If you have a chance, I would strongly recommend checking out Mr. Tim Hartman's school, Horizon Martial Arts, in West Seneca.   I don't know if the Filipino arts are for you or not...but Mr. Hartman is on of the best in the world for what he teaches.

Good luck and and keep us posted!


----------



## kelly keltner (Oct 26, 2006)

welcome


----------



## Hand Sword (Oct 26, 2006)

Welcome aboard Jeff!


----------



## stone_dragone (Nov 2, 2006)

Good luck with your search and welcome to MT!


----------



## Jeff L (Jun 29, 2007)

This thread is back from the dead!



After visiting several school (and looking into a few different MAs), I did end up with Hung Gar Kung Fu. I'm studying under Sifu Robert Gott at the Red Dragon School of Martial Arts.
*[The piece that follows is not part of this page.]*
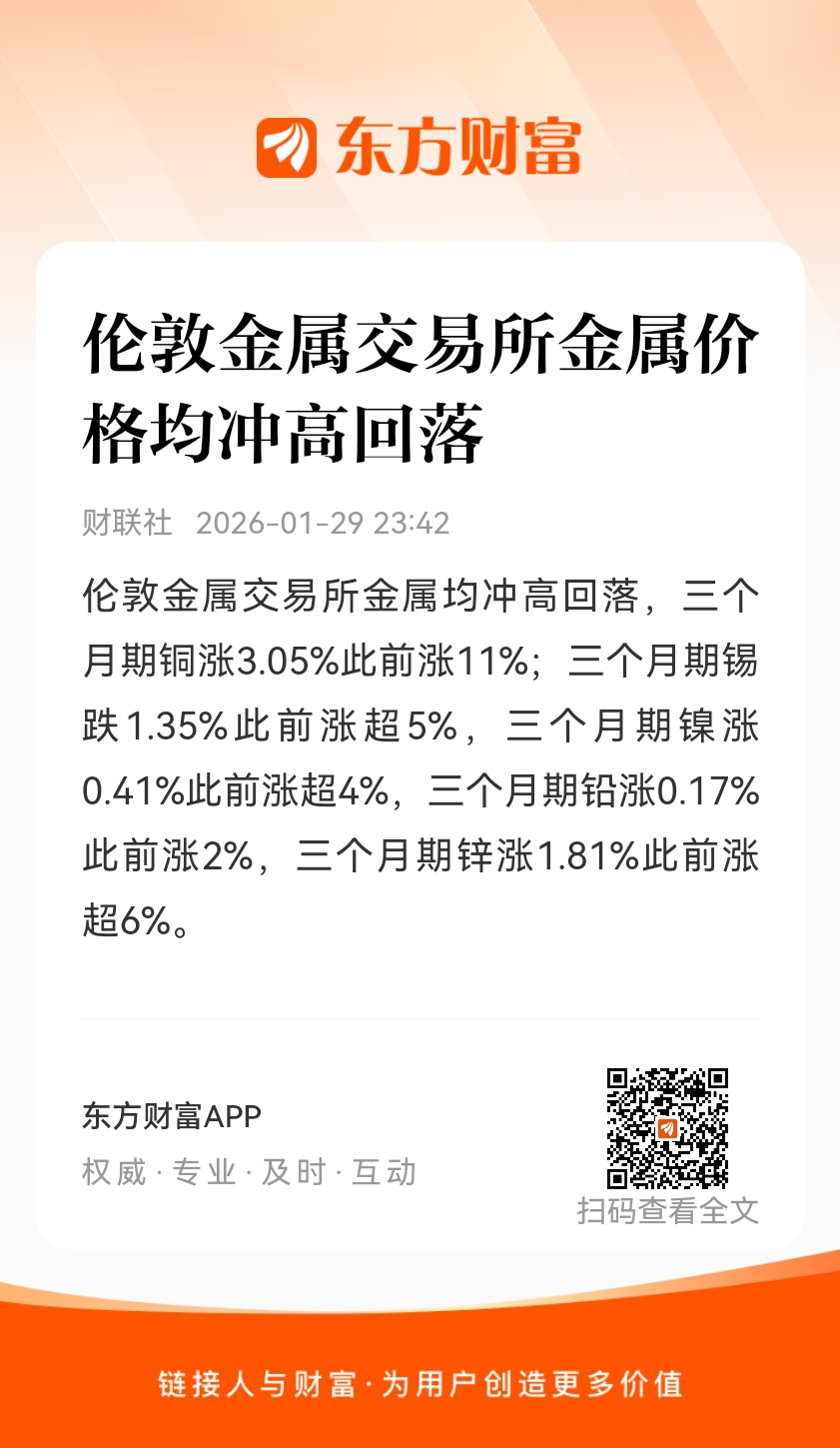 伦敦金属交易所金属均冲高回落,三个月期铜涨3.05%此前涨11%;三个月期锡跌1.35%此前涨超5%,三个月期镍涨0.41%此前涨超4%,三个月期铅涨0.17%此前涨2%,三个月期锌涨1.81%此前涨超6%。

The bug has definately bitten.


----------



## bluemtn (Jun 29, 2007)

I'm glad that you found "your art"!  I'm sure you'll thoroughly enjoy it.


----------



## ArmorOfGod (Jun 29, 2007)

Welcome back.
I remember Chris Cassamassa (son of Lou Cassamass, who is the founder of Red Dragon Karate).  Chris is beyond amazing.

Google him (Chris) when you have a chance.

AoG


----------



## 14 Kempo (Jun 29, 2007)

Welcome back ... enjoy!


----------



## Tswolfman (Jun 30, 2007)

Welcome and good luck on your journey


----------



## Jade Tigress (Jun 30, 2007)

Welcome to Martial Talk!


----------



## Karatedrifter7 (Jun 30, 2007)

Nice to meet you.

Dave


----------



## seasoned (Jul 1, 2007)

You have found the right place Jeff to help you find what you are looking for, welcome and enjoy.


----------